▶ _Exercise description_:
Once the line with "Le stade Geoffroy Guichard" is found in the entries below, print it and each following line exactly, stopping after the line with "西瓜龙狮会卸任理事与总会及体育协会领导合影"; print nothing else.

[Data extracted from a collection]
==============================

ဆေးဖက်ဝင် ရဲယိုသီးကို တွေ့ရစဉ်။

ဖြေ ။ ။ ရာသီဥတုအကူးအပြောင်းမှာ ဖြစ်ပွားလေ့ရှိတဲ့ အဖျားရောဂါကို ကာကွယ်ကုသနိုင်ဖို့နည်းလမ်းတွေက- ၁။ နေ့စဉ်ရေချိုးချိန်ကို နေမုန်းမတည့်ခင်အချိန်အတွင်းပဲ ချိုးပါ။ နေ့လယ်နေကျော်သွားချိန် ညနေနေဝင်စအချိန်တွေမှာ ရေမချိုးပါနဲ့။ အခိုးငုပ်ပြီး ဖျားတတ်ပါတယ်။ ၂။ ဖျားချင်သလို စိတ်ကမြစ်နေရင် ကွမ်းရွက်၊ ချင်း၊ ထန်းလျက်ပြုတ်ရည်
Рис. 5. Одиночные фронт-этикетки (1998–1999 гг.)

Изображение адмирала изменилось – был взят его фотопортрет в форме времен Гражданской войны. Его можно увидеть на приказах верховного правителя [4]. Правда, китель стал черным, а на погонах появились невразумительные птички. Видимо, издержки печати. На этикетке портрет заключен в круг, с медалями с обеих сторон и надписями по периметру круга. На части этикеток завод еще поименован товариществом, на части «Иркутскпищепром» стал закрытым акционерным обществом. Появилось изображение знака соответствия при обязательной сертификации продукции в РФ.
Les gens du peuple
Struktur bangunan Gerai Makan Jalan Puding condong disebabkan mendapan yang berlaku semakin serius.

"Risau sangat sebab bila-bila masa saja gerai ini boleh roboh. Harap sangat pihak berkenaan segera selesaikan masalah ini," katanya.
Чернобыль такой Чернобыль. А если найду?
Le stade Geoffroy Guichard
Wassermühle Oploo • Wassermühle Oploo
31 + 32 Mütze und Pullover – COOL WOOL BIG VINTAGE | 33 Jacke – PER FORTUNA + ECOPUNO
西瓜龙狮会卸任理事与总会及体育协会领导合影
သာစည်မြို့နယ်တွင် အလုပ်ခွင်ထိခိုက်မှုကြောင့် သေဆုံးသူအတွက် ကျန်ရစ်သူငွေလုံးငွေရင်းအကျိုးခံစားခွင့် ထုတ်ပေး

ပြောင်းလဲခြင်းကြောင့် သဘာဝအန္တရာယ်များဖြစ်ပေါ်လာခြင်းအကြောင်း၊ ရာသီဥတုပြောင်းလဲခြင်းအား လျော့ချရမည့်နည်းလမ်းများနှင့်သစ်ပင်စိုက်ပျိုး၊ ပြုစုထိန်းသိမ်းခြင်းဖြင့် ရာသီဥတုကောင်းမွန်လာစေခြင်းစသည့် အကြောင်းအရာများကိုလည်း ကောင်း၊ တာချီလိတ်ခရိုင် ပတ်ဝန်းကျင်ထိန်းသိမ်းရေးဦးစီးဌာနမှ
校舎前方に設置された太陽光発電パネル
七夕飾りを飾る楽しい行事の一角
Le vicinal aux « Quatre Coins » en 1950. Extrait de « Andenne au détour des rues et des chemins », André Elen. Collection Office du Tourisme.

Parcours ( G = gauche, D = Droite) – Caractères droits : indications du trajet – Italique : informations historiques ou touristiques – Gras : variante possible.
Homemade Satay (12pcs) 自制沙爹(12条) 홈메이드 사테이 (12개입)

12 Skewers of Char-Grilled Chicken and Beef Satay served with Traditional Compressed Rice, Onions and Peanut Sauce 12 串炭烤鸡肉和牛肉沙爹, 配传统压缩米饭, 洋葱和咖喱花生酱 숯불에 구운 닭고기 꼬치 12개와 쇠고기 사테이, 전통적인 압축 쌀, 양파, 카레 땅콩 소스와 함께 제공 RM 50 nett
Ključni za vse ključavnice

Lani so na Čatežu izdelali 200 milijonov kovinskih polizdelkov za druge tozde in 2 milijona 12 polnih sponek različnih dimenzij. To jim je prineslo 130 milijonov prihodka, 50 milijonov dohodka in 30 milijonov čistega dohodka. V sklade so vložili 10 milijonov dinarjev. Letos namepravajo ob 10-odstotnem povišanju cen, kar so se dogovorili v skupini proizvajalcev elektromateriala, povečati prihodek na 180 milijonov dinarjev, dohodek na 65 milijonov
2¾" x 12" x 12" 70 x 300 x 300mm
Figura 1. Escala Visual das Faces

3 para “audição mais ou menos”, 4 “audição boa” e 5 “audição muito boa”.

==============================

▶ _Answer space_:
Le stade Geoffroy Guichard
Wassermühle Oploo • Wassermühle Oploo
31 + 32 Mütze und Pullover – COOL WOOL BIG VINTAGE | 33 Jacke – PER FORTUNA + ECOPUNO
西瓜龙狮会卸任理事与总会及体育协会领导合影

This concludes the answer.